Had we never developed religion, would we still be running around in deerskin blankets throwing rocks at each other? No, we wouldn’t. We’d be no less than we are right now.

Except fewer wars and less differences between east and west, north and south, black and white.

And who knows where that kind of world could be right now???

Sometimes, this makes me sad. How long have we limited ourselves, blamed God for both good and bad, instead of opening up to the possibility that we are just lucky to be here?

We’re not “the chosen ones”. We’re spacedust, just like everything else. The sooner we accept this, the sooner we focus on enjoying the time we have, which is painfully short, and making it slightly more pleasant for those that will follow.

6 Comments:

  1. Interesting article, but to throw in a devil’s advocate style reply:

    “there will, in my opinion, be no more questions regarding our existence, save the origin of the universe itself.”

    Perhaps the answer to that final question will be that there is a “god”, who is the creator of the origin of the universe itself. While creationism has been debunked, this so far hasn’t.

    Also a flaw in your statement:

    “And anyway, do we really want to know everything? Is leaving some things a mystery not a vital part of enjoying life as it is, without worrying too far ahead?”

    Most of your points come from those who have questioned and wanted to know everything in the past. Sure your own questioning came up with this article.

    • Why is anyone tkialng about pathetic failure of religous beliefs? You might as well wallow in the dirt like some ignorant savages. The time for being controlled slaves is 100 years ago. So not fall victim to magic and bullshit.No-religion is the one defining thing that the red communists got correct!
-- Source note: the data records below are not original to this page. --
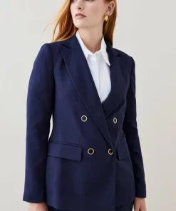The timeless jacket your tailoring collection has been waiting for, this clean-lined design features simple double-breasted buttons, flap pockets and sharply notched lapels. Worn with high-rise trousers, jeans or pencil skirts, this classic piece will soon become a cherished part of your capsule wardrobe.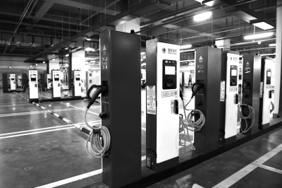 北京规模最大的集中式电动汽车充电站已于5月15日在五棵松体育中心地下停车场投入使用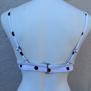 Black polka dots tag removed size large C cup removable cups also neck and back adjustable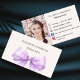 Lavender, blush purple coloured background, decorated with a large pink bow. Add your name, photo and the details.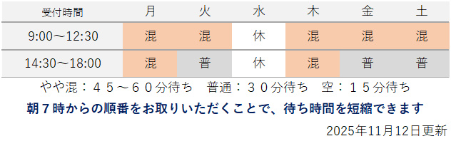 お呼びできる時間の目安と現状の混み具合です。インフルエンザ、コロナ抗原検査が1日に25件ほどです。朝の7時の診察順番 をお取りいただいて時間を見計らって受診ください。1時間で10から15人程の進行状況とお考え下さい。火曜日は院長と非常勤医師の2人態勢ですので比較的早くお呼びできます。

      • I often believe that I have been such a dinoppaistment. But, know that when God sees me he sees Jesus. But, here is what I often think about. If God sees Jesus who died for all of our sins, what does Jesus see when he looks down on earth. I try so very hard to be a good person and when I try really hard, I fail. But, when I run to Jesus to say I am sorry, he holds out his arms takes me into a tight hug and tells me it is okay. Go try again but, let me help you. Each day is better than the day before.

  2. Thanks for your comment Gill!

    1) I can’t argue that point – if indeed God lies at the end of the knowledge tunnel, then he will, in effect, BE knowledge, and therefore proved and known, not just blindly trusted or feared.

    2) My “flaw” as you put it. The question was a counter weight of sorts, posed to provoke thoughts of why humans question, and as a result, why we sometimes don’t. Why draw the line at “God” because that’s where empirical proof ends?
    Of course my own questioning has caused the article, how else could it be.
    If you understood the overarching point of the article to be “lets question everything to the point of proof, but then why don’t we not question anything and just enjoy life?” then I must apologise for any errors on my part – that’s certainly not the intention of the piece.